**Task statement:**
Dropping every picture, set down exactly the lines in the entries below, starting with the line with "Add ghee (2" and going on through the line with "Farm workers take".
________
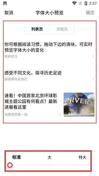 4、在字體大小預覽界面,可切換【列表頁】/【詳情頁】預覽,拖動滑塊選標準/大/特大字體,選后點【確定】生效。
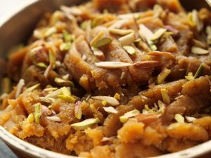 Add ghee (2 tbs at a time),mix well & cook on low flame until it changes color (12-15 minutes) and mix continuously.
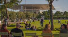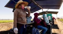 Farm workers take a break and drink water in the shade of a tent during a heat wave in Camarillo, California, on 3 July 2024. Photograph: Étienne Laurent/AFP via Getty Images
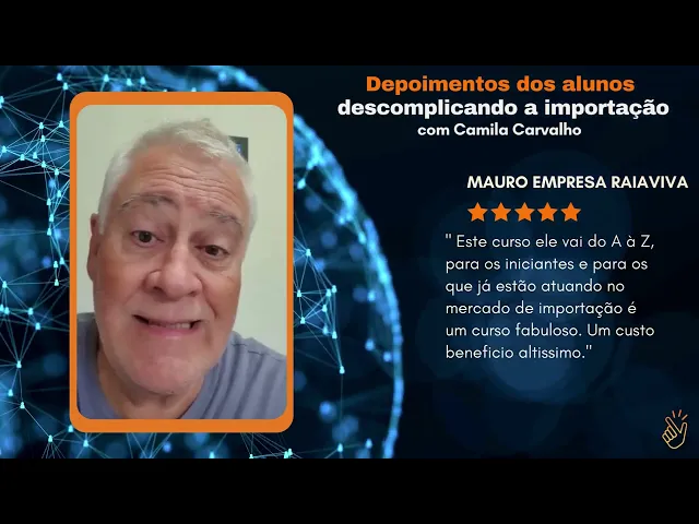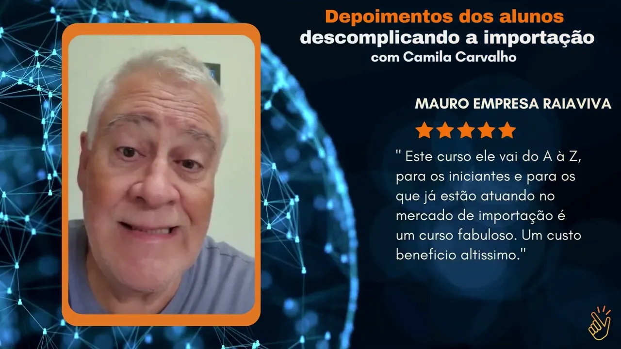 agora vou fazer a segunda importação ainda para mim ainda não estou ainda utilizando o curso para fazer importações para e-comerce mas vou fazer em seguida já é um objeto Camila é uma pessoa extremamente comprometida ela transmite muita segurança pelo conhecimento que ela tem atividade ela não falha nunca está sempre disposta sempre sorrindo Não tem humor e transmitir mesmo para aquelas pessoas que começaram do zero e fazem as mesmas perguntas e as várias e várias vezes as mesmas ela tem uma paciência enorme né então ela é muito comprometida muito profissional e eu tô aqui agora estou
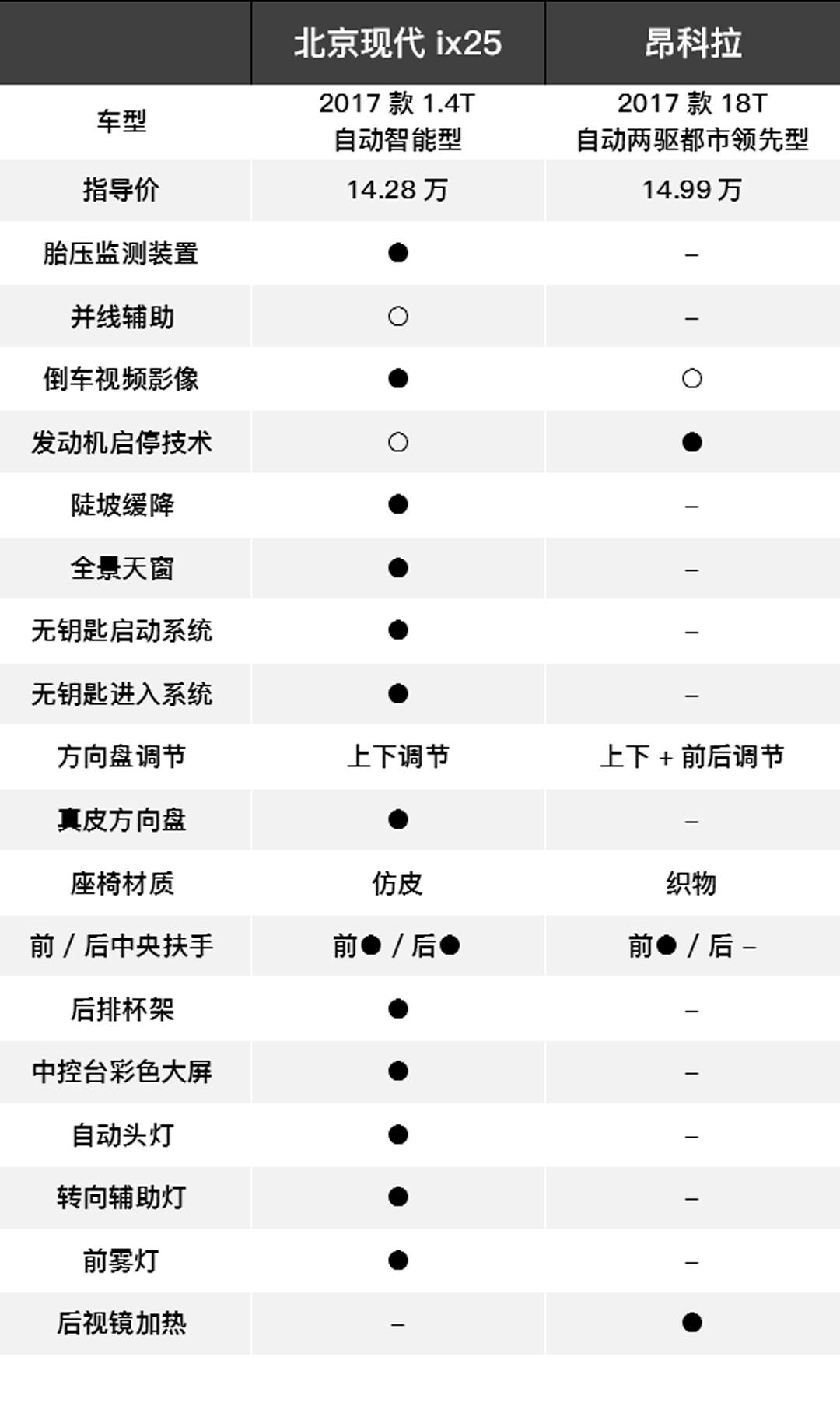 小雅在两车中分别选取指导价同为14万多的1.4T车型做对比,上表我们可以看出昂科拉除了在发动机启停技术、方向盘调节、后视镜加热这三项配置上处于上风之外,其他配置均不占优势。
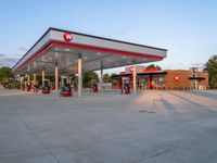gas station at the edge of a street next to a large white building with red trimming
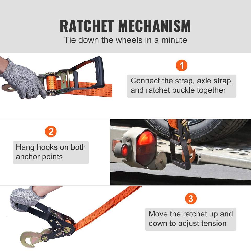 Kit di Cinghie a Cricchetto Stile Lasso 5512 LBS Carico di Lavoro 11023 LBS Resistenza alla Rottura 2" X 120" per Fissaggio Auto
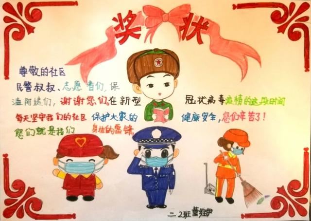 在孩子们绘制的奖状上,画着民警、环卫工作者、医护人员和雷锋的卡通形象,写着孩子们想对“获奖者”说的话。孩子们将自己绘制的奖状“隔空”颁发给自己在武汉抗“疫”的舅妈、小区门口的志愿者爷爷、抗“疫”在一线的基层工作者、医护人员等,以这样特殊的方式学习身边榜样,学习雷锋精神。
________
**Exercise output:**
 Add ghee (2 tbs at a time),mix well & cook on low flame until it changes color (12-15 minutes) and mix continuously.
 Farm workers take a break and drink water in the shade of a tent during a heat wave in Camarillo, California, on 3 July 2024. Photograph: Étienne Laurent/AFP via Getty Images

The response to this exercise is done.